Rueda Jon, Rodríguez Janet Delgado, Jounou Iris Parra, Hortal-Carmona Joaquín, Ausín Txetxu, Rodríguez-Arias David
Department of Philosophy 1, University of Granada, Granada, Spain.
FiloLab Scientific Unit of Excellence, University of Granada, Granada, Spain.
AI Soc. 2022 Dec 21:1-12. doi: 10.1007/s00146-022-01614-9.
The increasing application of artificial intelligence (AI) to healthcare raises both hope and ethical concerns. Some advanced machine learning methods provide accurate clinical predictions at the expense of a significant lack of explainability. Alex John London has defended that accuracy is a more important value than explainability in AI medicine. In this article, we locate the trade-off between accurate performance and explainable algorithms in the context of distributive justice. We acknowledge that accuracy is cardinal from outcome-oriented justice because it helps to maximize patients' benefits and optimizes limited resources. However, we claim that the opaqueness of the algorithmic black box and its absence of explainability threatens core commitments of procedural fairness such as accountability, avoidance of bias, and transparency. To illustrate this, we discuss liver transplantation as a case of critical medical resources in which the lack of explainability in AI-based allocation algorithms is procedurally unfair. Finally, we provide a number of ethical recommendations for when considering the use of unexplainable algorithms in the distribution of health-related resources.

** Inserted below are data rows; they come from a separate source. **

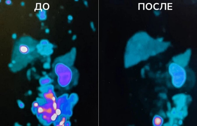 До использования этого инновационного метода у пациента были обнаружены метастазы в печени, лимфоузлах и костной ткани. Все они собирали в себе ПСМА-лиганд — молекулы, которые состоят из остатков аминокислот, связывающиеся с мембранами клеток рака простаты и доставляющие к ним изотоп с целью либо диагностики, либо терапии.
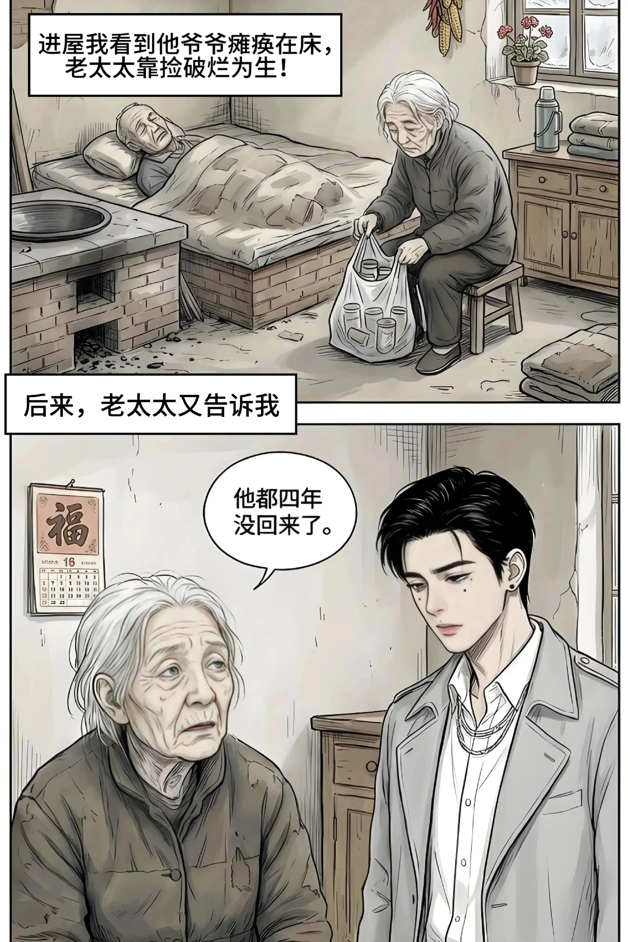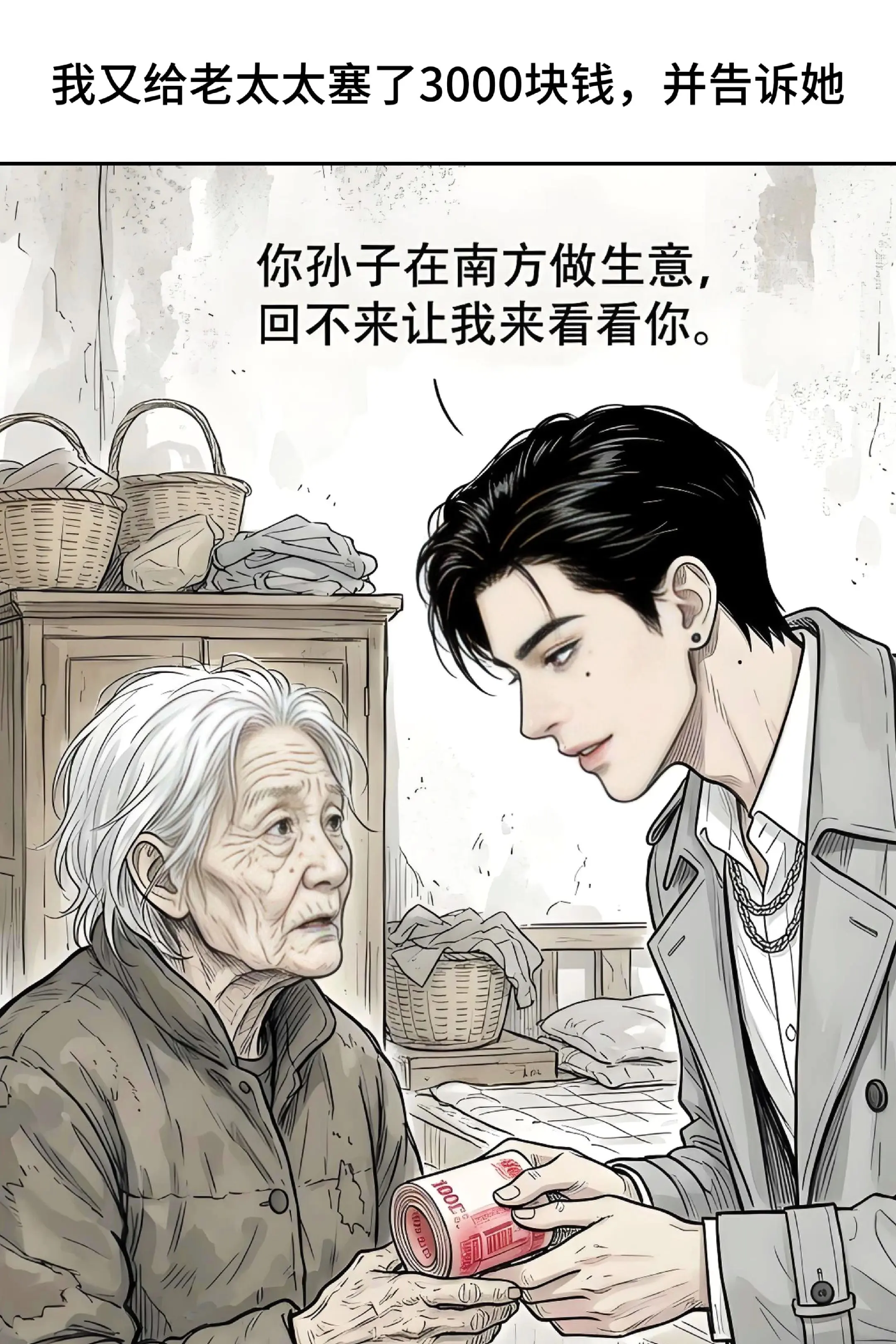 "妈妈再给你盖一次被子,像刚出生时一样."
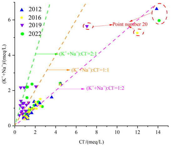 Scatter diagram of γ(Na+ + K+)/γCl−.

人工智能(AI)在医疗保健领域的应用日益广泛,这既带来了希望,也引发了伦理方面的担忧。一些先进的机器学习方法能提供准确的临床预测,但代价是严重缺乏可解释性。亚历克斯·约翰·伦敦认为,在人工智能医学中,准确性比可解释性更重要。在本文中,我们在分配正义的背景下探讨准确性能与可解释算法之间的权衡。我们承认,从结果导向的正义来看,准确性至关重要,因为它有助于使患者的利益最大化,并优化有限的资源。然而,我们认为算法黑箱的不透明性及其缺乏可解释性,威胁到了程序公平的核心承诺,如问责制、避免偏见和透明度。为了说明这一点,我们将肝移植作为关键医疗资源的一个案例进行讨论,在这个案例中,基于人工智能的分配算法缺乏可解释性在程序上是不公平的。最后,我们针对在考虑将不可解释的算法用于分配与健康相关的资源时,提出了一些伦理建议。